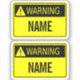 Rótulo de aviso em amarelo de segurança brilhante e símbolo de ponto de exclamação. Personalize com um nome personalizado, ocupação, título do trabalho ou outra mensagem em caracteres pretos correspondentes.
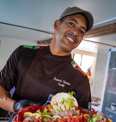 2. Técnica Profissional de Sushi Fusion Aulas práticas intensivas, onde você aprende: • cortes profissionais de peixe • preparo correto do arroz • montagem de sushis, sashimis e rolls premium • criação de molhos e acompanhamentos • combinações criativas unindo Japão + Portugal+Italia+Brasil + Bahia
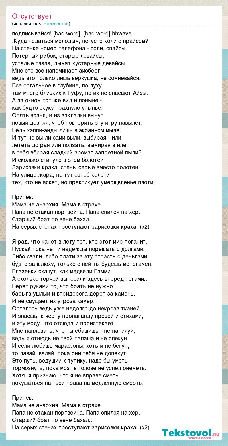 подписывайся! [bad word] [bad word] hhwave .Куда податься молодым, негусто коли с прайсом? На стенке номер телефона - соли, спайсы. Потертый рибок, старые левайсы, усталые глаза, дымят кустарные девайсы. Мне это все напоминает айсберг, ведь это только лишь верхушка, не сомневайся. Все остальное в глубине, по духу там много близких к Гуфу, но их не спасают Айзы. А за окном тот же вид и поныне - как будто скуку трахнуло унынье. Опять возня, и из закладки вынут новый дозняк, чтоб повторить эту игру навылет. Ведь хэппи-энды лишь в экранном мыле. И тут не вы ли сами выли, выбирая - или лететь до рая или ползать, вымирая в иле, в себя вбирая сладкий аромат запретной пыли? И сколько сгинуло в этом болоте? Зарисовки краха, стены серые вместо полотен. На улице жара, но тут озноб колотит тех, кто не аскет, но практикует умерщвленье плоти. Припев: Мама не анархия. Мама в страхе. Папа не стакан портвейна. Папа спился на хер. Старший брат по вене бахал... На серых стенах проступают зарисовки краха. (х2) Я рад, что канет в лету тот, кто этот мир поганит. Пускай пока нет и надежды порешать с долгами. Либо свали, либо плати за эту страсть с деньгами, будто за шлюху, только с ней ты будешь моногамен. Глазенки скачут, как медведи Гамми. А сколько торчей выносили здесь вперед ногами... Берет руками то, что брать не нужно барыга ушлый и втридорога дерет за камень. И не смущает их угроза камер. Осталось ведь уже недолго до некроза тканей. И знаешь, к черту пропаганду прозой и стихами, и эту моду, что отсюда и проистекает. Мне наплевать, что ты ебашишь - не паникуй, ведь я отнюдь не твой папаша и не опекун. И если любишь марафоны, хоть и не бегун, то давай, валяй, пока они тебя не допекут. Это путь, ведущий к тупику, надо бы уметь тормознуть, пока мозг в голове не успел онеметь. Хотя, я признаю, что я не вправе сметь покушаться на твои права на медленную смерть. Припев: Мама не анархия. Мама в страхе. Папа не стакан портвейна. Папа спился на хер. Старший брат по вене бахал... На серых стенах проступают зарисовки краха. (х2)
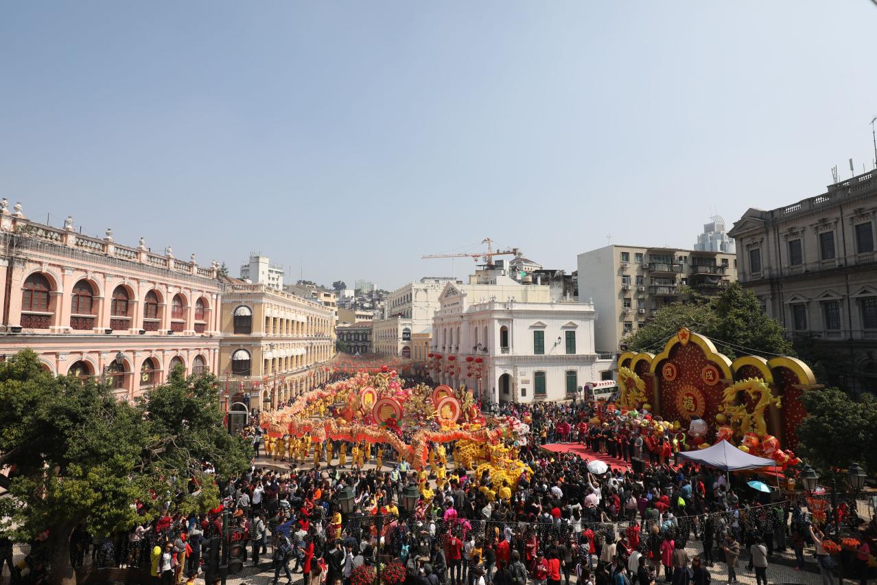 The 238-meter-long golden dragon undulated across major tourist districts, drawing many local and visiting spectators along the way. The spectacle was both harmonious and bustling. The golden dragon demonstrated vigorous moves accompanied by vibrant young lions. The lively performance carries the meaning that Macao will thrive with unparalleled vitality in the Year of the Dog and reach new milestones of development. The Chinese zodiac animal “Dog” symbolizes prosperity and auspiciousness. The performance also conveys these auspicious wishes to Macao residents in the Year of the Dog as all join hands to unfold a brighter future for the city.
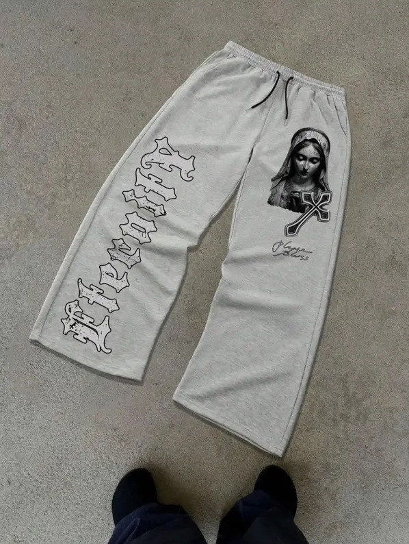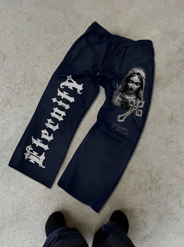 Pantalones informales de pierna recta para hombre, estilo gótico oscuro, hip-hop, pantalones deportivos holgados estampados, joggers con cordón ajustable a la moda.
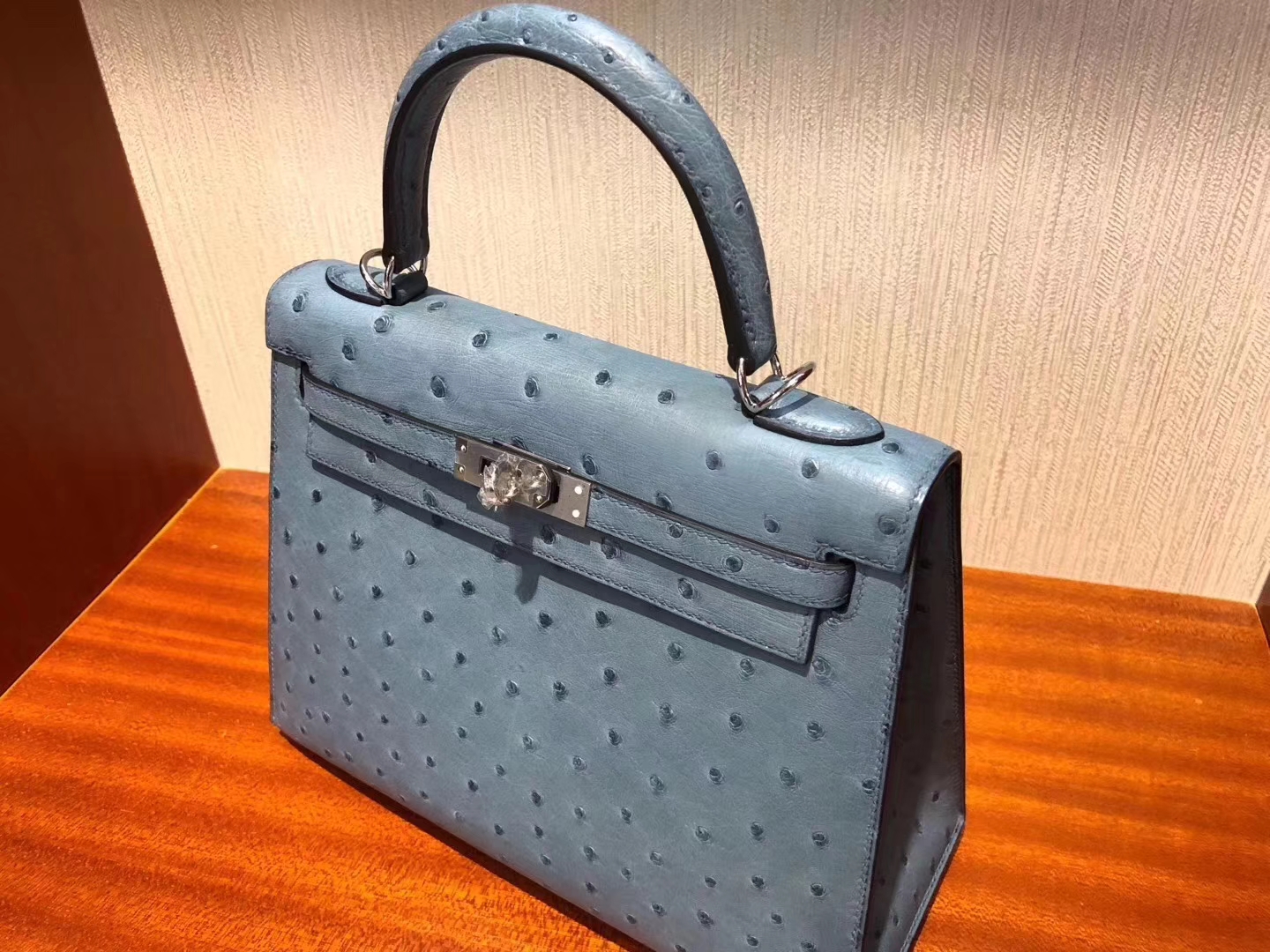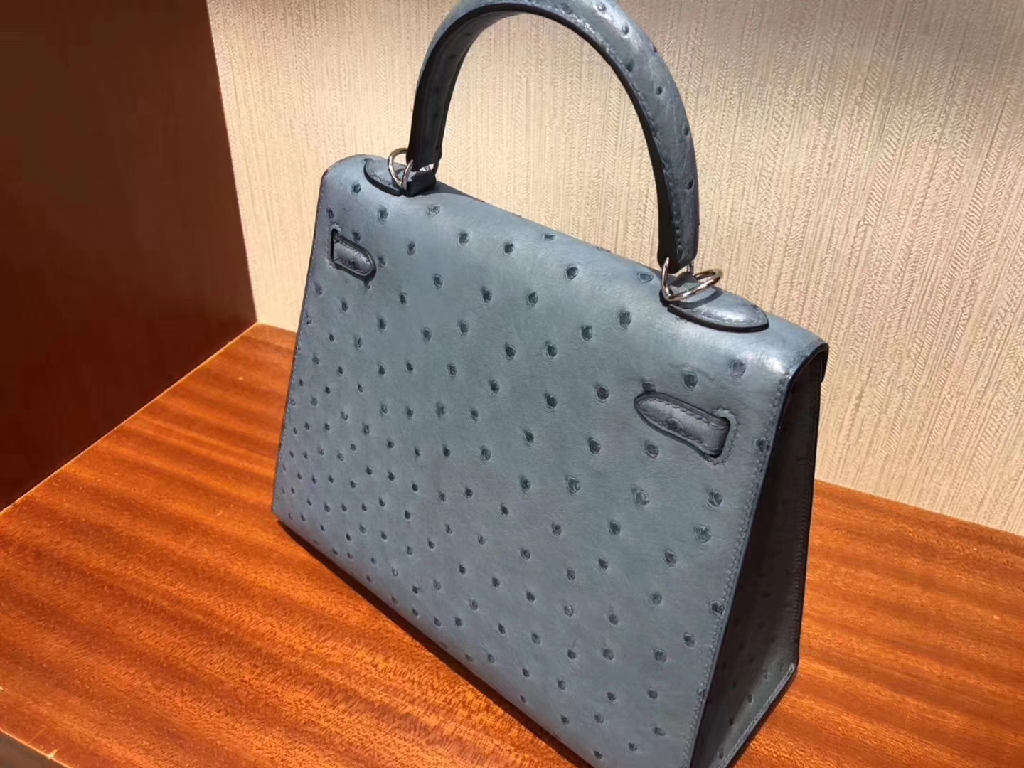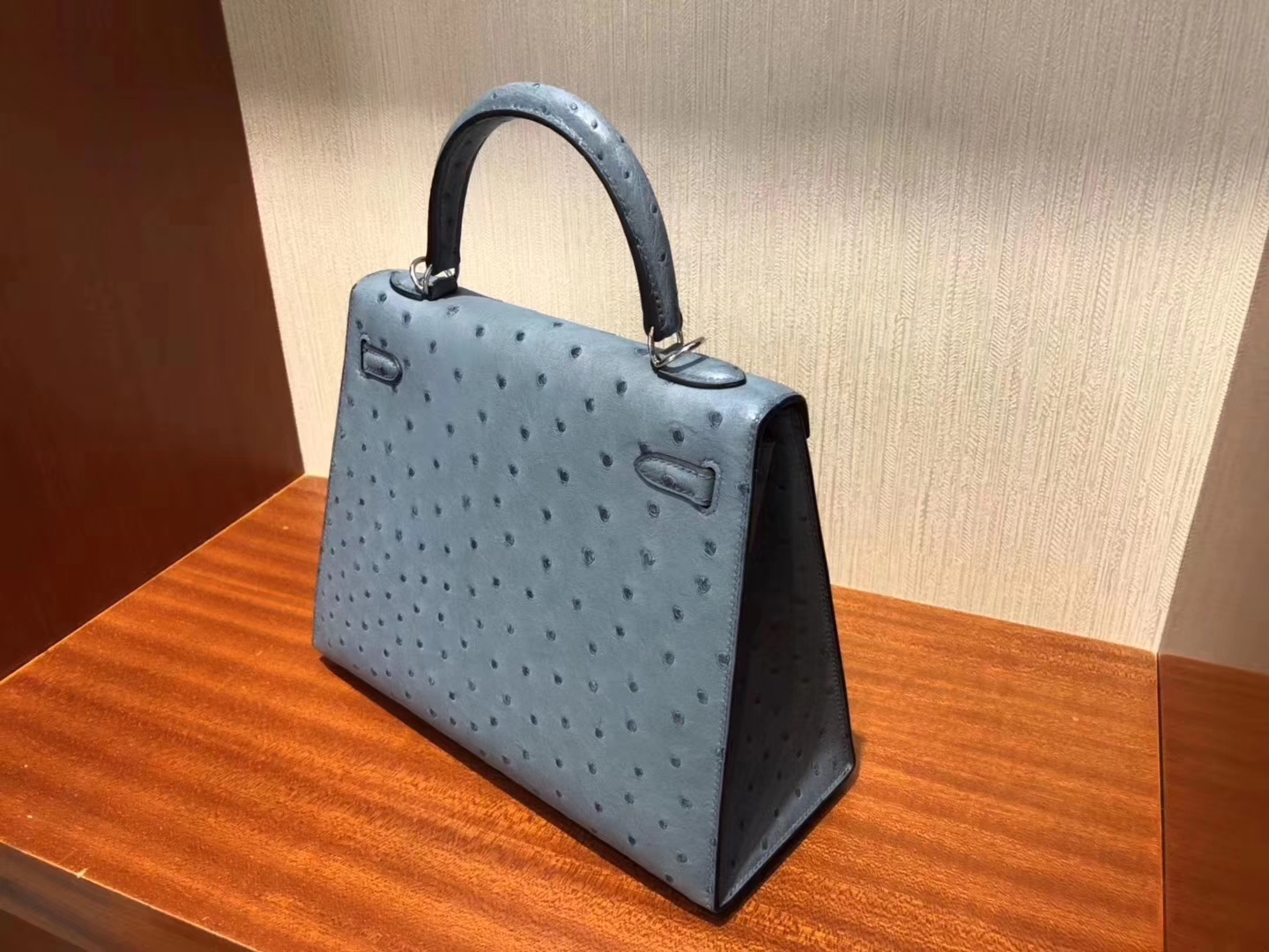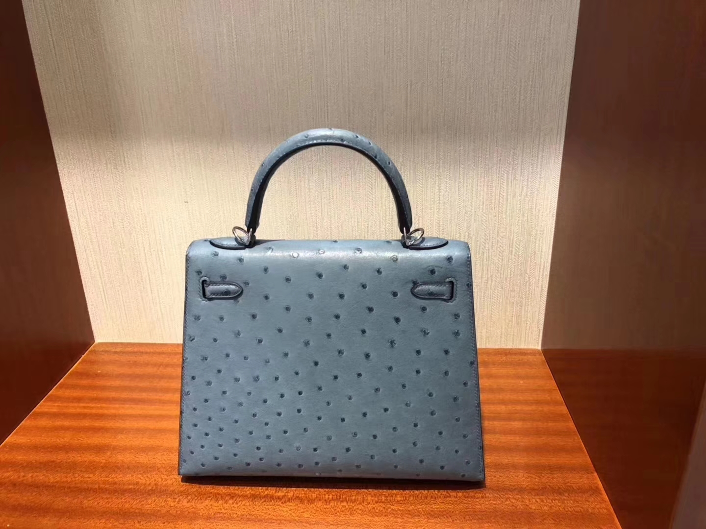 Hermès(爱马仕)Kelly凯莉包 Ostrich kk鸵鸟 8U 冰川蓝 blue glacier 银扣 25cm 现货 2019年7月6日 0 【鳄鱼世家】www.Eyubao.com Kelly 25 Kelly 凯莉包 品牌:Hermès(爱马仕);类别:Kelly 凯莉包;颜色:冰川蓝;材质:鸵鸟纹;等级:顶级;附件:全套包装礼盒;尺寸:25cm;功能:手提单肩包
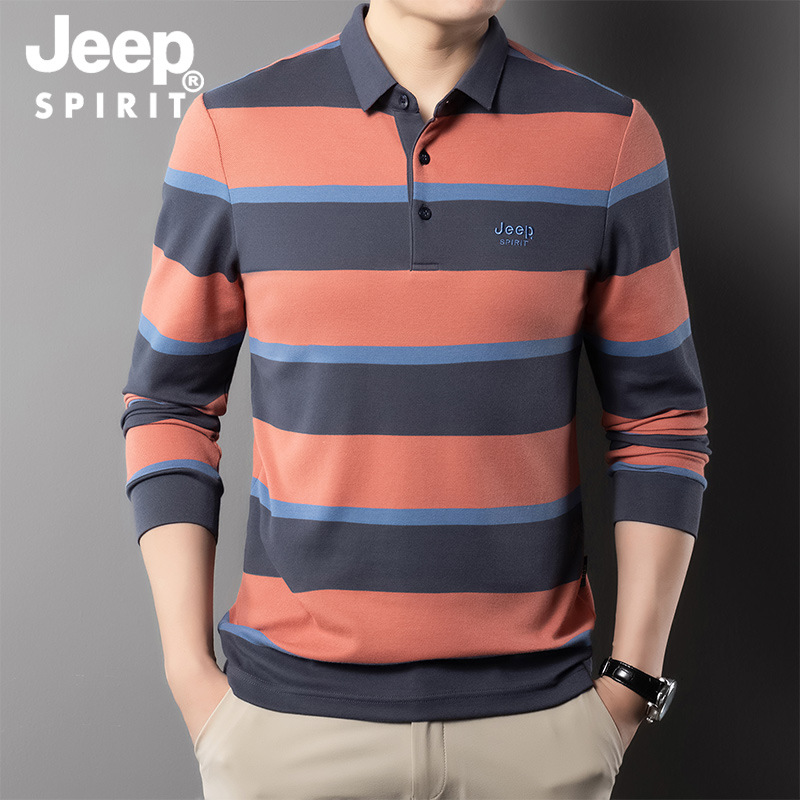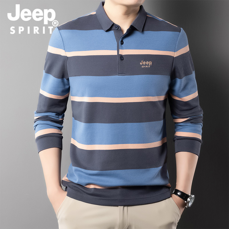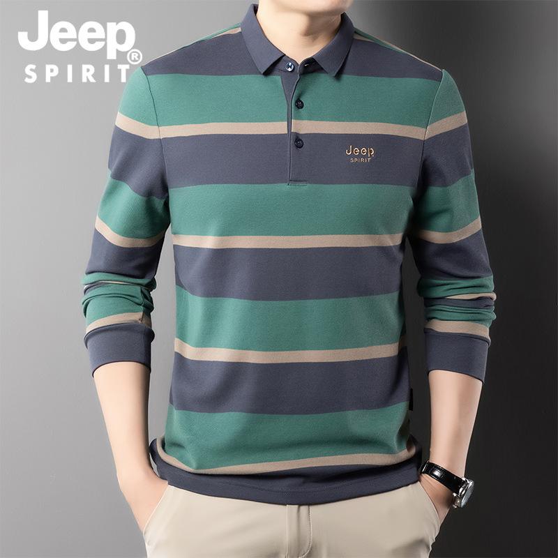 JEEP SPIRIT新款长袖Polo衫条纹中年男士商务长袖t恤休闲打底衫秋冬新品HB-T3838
◆ ◆ ◆ ◆ ◆
The lines to return run from the line containing "Pantalones informales de" through the last line of the records. Give them exactly, omitting pictures.

**Answer box:**
 Pantalones informales de pierna recta para hombre, estilo gótico oscuro, hip-hop, pantalones deportivos holgados estampados, joggers con cordón ajustable a la moda.
 Hermès(爱马仕)Kelly凯莉包 Ostrich kk鸵鸟 8U 冰川蓝 blue glacier 银扣 25cm 现货 2019年7月6日 0 【鳄鱼世家】www.Eyubao.com Kelly 25 Kelly 凯莉包 品牌:Hermès(爱马仕);类别:Kelly 凯莉包;颜色:冰川蓝;材质:鸵鸟纹;等级:顶级;附件:全套包装礼盒;尺寸:25cm;功能:手提单肩包
 JEEP SPIRIT新款长袖Polo衫条纹中年男士商务长袖t恤休闲打底衫秋冬新品HB-T3838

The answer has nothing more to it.